China Chronicle – Day 4 (Beijing and Shanghai)

         We woke up today to rain. This, plus the fact that I’m upset that I will not be able to see the Temple of Heaven while in Beijing. Because this is the day of our flight to Shanghai (at 2PM this afternoon), the day is rather complex and Zhao is afraid that traffic might prevent us from linking back up with them. Instead, we are scheduled to have a pedi-cab ride through a hutong (an old-fashioned neighborhood in which the small houses are connected together on narrow lanes) — big whoop!! Oh well, as I have said before, flexibility is a requirement when you travel.
        It was rainy in Beijing but we managed to complete our tourist agenda anyway. We drove to the Drum Tower where time was announced in the old days of Beijing. Nearby we began our pedicab (basically a rickshaw using a bicycle instead of feet). Our driver took us through one of Beijing’s few remaining hutong areas to give us a flavor for "old" Beijing. Then we stopped at a house and met Mrs Wong who hosts groups like ours to allow us a glimpse into typical Chinese family life.  I’m not sure how typical Mrs Wong is because she had a picture of herself with Oprah on her sitting room wall. It really was very nice, however, and she was sweet and answered all our questions about life in a hutong.

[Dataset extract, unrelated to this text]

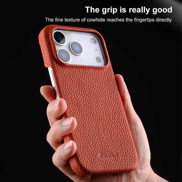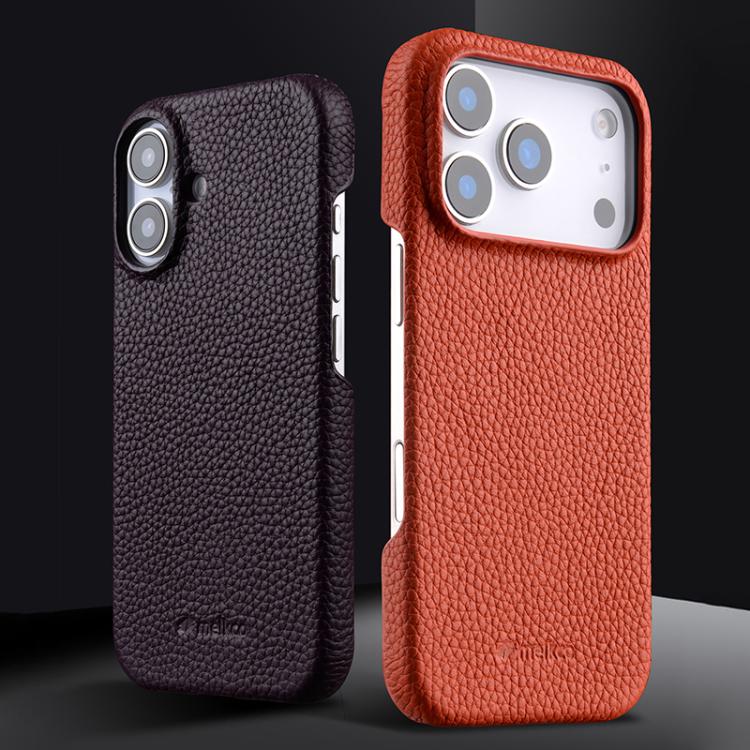 melkco Litchi Texture Magnetic Half Coverage Genuine Leather Phone Case, For iPhone 17, For iPhone Air, For iPhone 16 Pro Max

       Next we climbed the Bell Tower (many steep, tall stairs!!) and got a nice view of Beijing although the rain and fog made it difficult to see very far. We had lunch at a noodle restaurant called The Loft (very good and different) before heading for the airport and our flight to Shanghai.
       Shanghai is very different from Beijing. Besides being a huge city (over 20,000,000 people) it is much more modern than Beijing. Its architecture is positively amazing! — hundreds of tall buildings with unusual features. Our hotel, the Le Royal Meridien, is one of the most distinctive. 
       After a buffet dinner at our hotel we took a walk down Nanjing Road —  certainly one of the glitziest neon jungles in the world. It reminded us of Freemont Street in Las Vegas. Much of Nanjing Road is pedestrian-only. We walked all the way down to the Bund, a promenade along the Huangpu River lined with interesting Colonial era buildings which look more like Europe than China. Across the river we got our first glimpse of the Pudong, a city district which is the business and financial hub of the city. Here we saw the distinctive Oriental Pearl Tower, a pink spire with an observation area, and the Jinmao Tower, one of the tallest buildings in the world.